Nie zamieniłbym ich na nic na świecie, ani na powrót na studia, ani na takie
życie jakie miałem przed zajściem w ciążę, ani na posadę prezesa w wielkiej
korporacji. Nie zamieniłbym ich na nic i nie uważam, żeby moje życie było teraz
złe, ponieważ jestem szczęśliwy. I myślę, że powinieneś to zrozumieć, ponieważ
sam jesteś ojcem — dodałem, patrząc się na niego wciąż. — Znam cię, tato.
Jesteś chłodny. Nie było cię prawie nigdy przy mnie, kiedy byłem młodszy, ale
wiem, że chcesz dla mnie wszystkiego, co najlepsze. A teraz ja chcę tego samego dla
moich dzieci i nie obchodzi mnie, że poświęcę karierę. Ona jest najmniej ważna.
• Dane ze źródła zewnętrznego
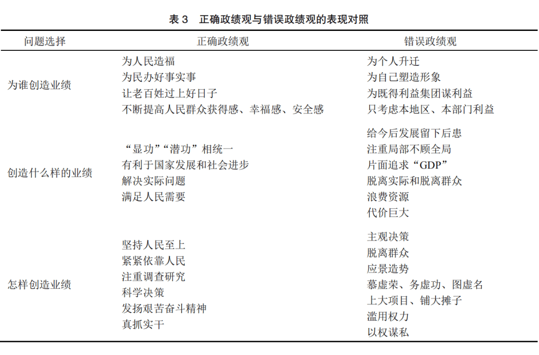 正确政绩观与错误政绩观泾渭分明,在实践中呈现两种面相(见表3),形成截然不同的行动逻辑,对领导干部干事作为产生正负两方面的影响。正确政绩观的核心要义可以从以下三个方面加以把握。其一,坚持人民至上,以“为民造福是最大政绩”坚定“为谁创造业绩”的政治立场,以人民满意作为创造政绩的根本追求。其二,坚持党性原则,以贯彻党中央集中统一领导为恪守“创造什么样的业绩”的实践遵循,以服从大局、长远和整体利益作为创造政绩的行为取向。其三,坚持为民办实事好事,以求真务实精神形成“怎样创造业绩”的正确方法,以科学精神作为创造政绩的力量支撑。习指出,“中国把为民办事、为民造福作为最重要的政绩,把为老百姓办了多少好事实事作为检验政绩的重要标准”[6]55,“一定要树立大局观、长远观、整体观,不能因小失大、顾此失彼、寅吃卯粮、急功近利”[7]434,必须“讲真话、察真情、报真数,谋实招、办实事、求实效,追求实实在在的发展、没有水分的发展、速度质量效益相统一的发展,努力创造出经得起实践、人民、历史检验的成绩”[5]57-58。这些重要论述贯彻党全心全意为人民服务的根本宗旨,体现党为中国人民谋幸福和为中华民族谋复兴的初心使命,为树立和践行正确政绩观提供了鲜明的导向。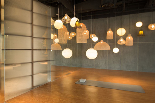 瑜伽教室通過一個巨大的旋轉(zhuǎn)門和8米長的折疊門被分成了不同的區(qū)域,在私密領(lǐng)域和公共區(qū)域之間形成一個良好的平衡。走進(jìn)瑜伽教室,形態(tài)各異的燈具和編制籃刻意的懸空,連同飄蕩在空中的瑜伽帶延伸至天花板,創(chuàng)造身臨其境的視覺效果,提高練習(xí)瑜伽的體驗(yàn)。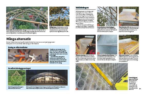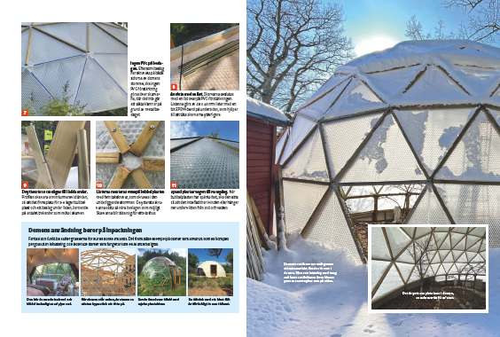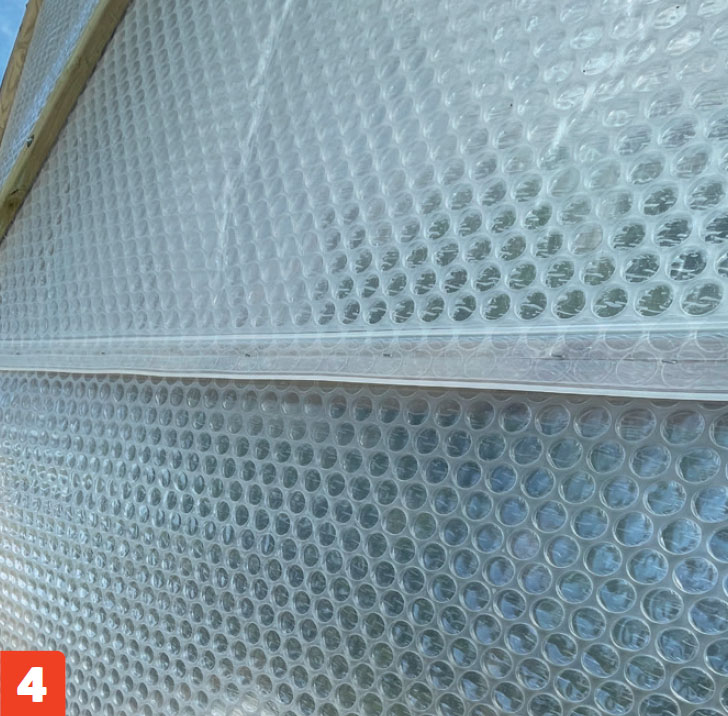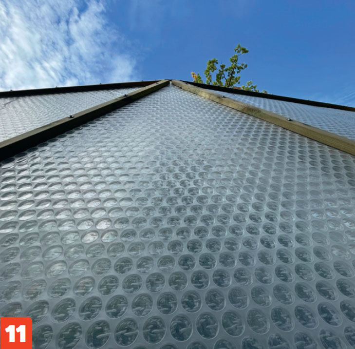 Domen kläs in en trekant åt gången. Inklädningen består av en kraftig bubbelplast, som isolerar växthuset lite. Materialet har dock främst valts för sin styrka.

Przez moment nie odzywał się wcale. Jedynie patrzył na swoje dłonie,
siedząc pochylonym. A ja zastanawiałem się, co siedzi w jego głowie. Nie
potrafiłem zgadnąć.
— I tego chcesz? Siedzieć tu z dziećmi, kiedy mógłbyś być kimś naprawdę
wielkim? Ważnym?
— Będę ważny dla Sehuna i dzieci, to mi wystarczy — odpowiedziałem prosto
i uśmiechnąłem się lekko.
Wtedy do salonu wpadła moja mama z Seul na rękach. Za nią Sehun stał z
już rozbudzonym Jiseokiem, który pił mleko przez butelkę podtrzymywaną ręką
mojego narzeczonego.
— Hang-ki, patrz — powiedziała rozradowana — patrz jaka piękna — dodała,
podchodząc do mojego ojca i wepchała mu właściwie na siłę jego wnuczkę. I
dopiero wtedy, tak mi się wydawało, że przez jego usta przemknął mały uśmiech.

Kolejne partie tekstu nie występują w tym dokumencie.